His reasonable tone is annoying me. Sure, I’ve painted her black as hell, but I can’t get my head around anyone leaving their kid like that. “You didn’t see her that day, Hell. I did. She didn’t want the kid; that was obvious.” As I go back over that morning, it’s becoming clearer to me by the minute.
He sighs. “So what are you intending to do, Demon?”
This is the bit I haven’t quite worked out. I’m left with ten minutes now. “Make damn sure she can’t hurt that kid again. Jay and Pal will be looking after him for now. See what’s happened to the father. Whoever he is, I doubt he’d be very happy his son was abandoned. Who knows, he could have been taken by a pedo.”
“You’re jumping to conclusions, son. You don’t know that the father even knows he’s a dad.”
“’Bout time he found out then, and took over.”
All I know is I’m determined, unless Violet comes up with a good fucking explanation for her behaviour, she’s not going to have responsibility for him again. In my world you step up, not down.
It’s Hell’s turn to bang his fist on the desk. With twenty years of practice, he’s got the art down better than I. Papers leap and shift, I jump.
“Give her a fuckin’ chance, Demon. Listen.” He shakes his head. “You’ve been brought up to make decisions for the club. Sure, you stepped into that chair before it was time, but one thing you need to learn right now—you’re the fuckin’ prez. You decide what needs to be done. But this club ain’t one man. That’s why we vote. No one man has all the answers, and no good prez jumps into a course of action without knowing the facts first.”
“Facts are clear though, aren’t they? That kid’s at risk.”
“And if there isn’t a father in the picture? You intending on putting him in the system?”
“Kid’s got grandparents, hasn’t he?”
“Facts, Demon. Not suppositions. Facts. The things you don’t have at the moment.”
He’s got a point. “Mo didn’t give me up. Neither did you.”
Hell sighs deeply, then rubs at his temples. “I had an inkling that might be at the bottom of the way you’re reacting. Mo had me. I wanted Mo. Wanted you, too, from the moment I knew about you growing inside her. You were loved, Demon, from the fuckin’ start. But if Mo had been on her own?”

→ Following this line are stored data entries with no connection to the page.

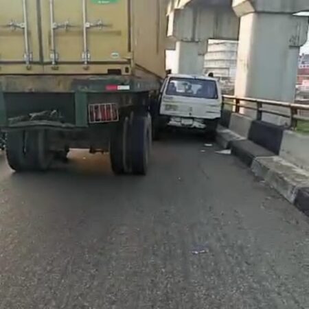 LASTMA APPREHEND DRIVER OVER DAMAGED TRUCK BARRIER AT DORMAN-LONG BRIDGE, SURULERE, LAGOS.
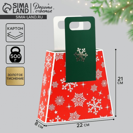 Коробка подарочная новогодняя складная с ручками «Снежинки» 23?8?32 см (арт. 10444883)
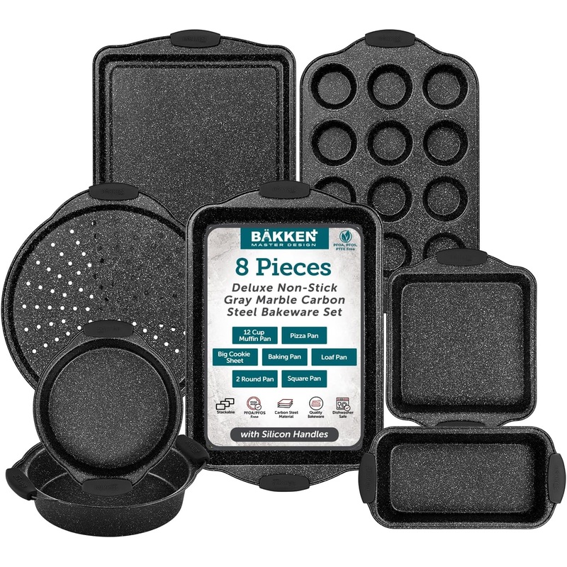 BAKKEN 8-Piece Kitchen Oven Baking Pans Set Deluxe Nonstick Gray Marble Coating, Professional Grade Carbon Steel Bakeware with Silicone Handles Oven, Dishwasher, and Freezer Safe Introducing the BAKKEN 8-Piece Kitchen Oven Baking Pans Set, your ultimate so
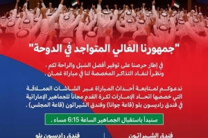 我們邀請您在阿聯酋足球協會為阿聯酋球迷免費提供的位于麗笙酒店(喬安娜廳)和喜來登酒店(馬吉利斯廳)的巨型屏幕上關注比賽動態。我們將于18:15(22:15)開始接待公眾?!?/p>
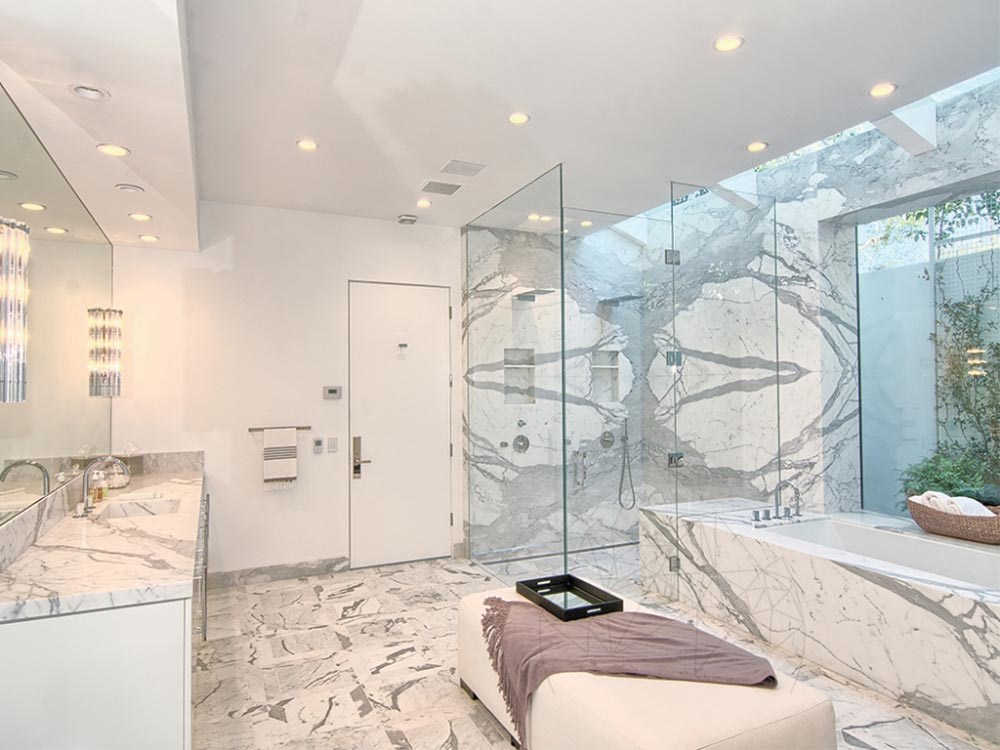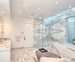 Stalpi din marmura ce sustin dusuri de cap cu baterii ingropate, bordate cu pereti din mozaic multicolor si asternuti pe o pardoseala din travertin in placi mici, toate aduse intr-un baroc controlat, moale, prietenos. Asocierea dintre peretii de marmura venata si pardoseala din travertin mat, aducand in joc amintirea unor vremuri pierdute, balanseaza optimismul superficial al peretilor din mozaic si totul se desfasoara intr-un spatiu generous, care ajuta imaginea dusului noii toamne.

Yeah. I look down at my hands. My mom would have tried to get an abortion if Hell hadn’t been in the picture, and I wouldn’t have been here at all. At seventeen, with no job, parents who would have disowned her, she wouldn’t have had much choice.
“Sometimes it’s too much for a woman alone. Maybe a helping hand is what she needs. Not fire and brimstone.”
My mouth quirks slightly. “Or Hellfire and Demon.”
He closes his eyes briefly and nods. “I’ve got your back. Which is why I’m pushing you now. Thing is, I happen to agree with you. But I’m just saying you need to hear her out, okay? Listen, then decide what you need to do.”
The clock ticks mercilessly on. Talking to the man I still view as my father, his years giving weight to his words and experience, has at last calmed my temper some. While I have little doubt in my mind that Violet has proved herself to be an unfit mother, I at least have relented to the extent I will talk to her, see what her side of the story is, before making any decision that affects a child’s life.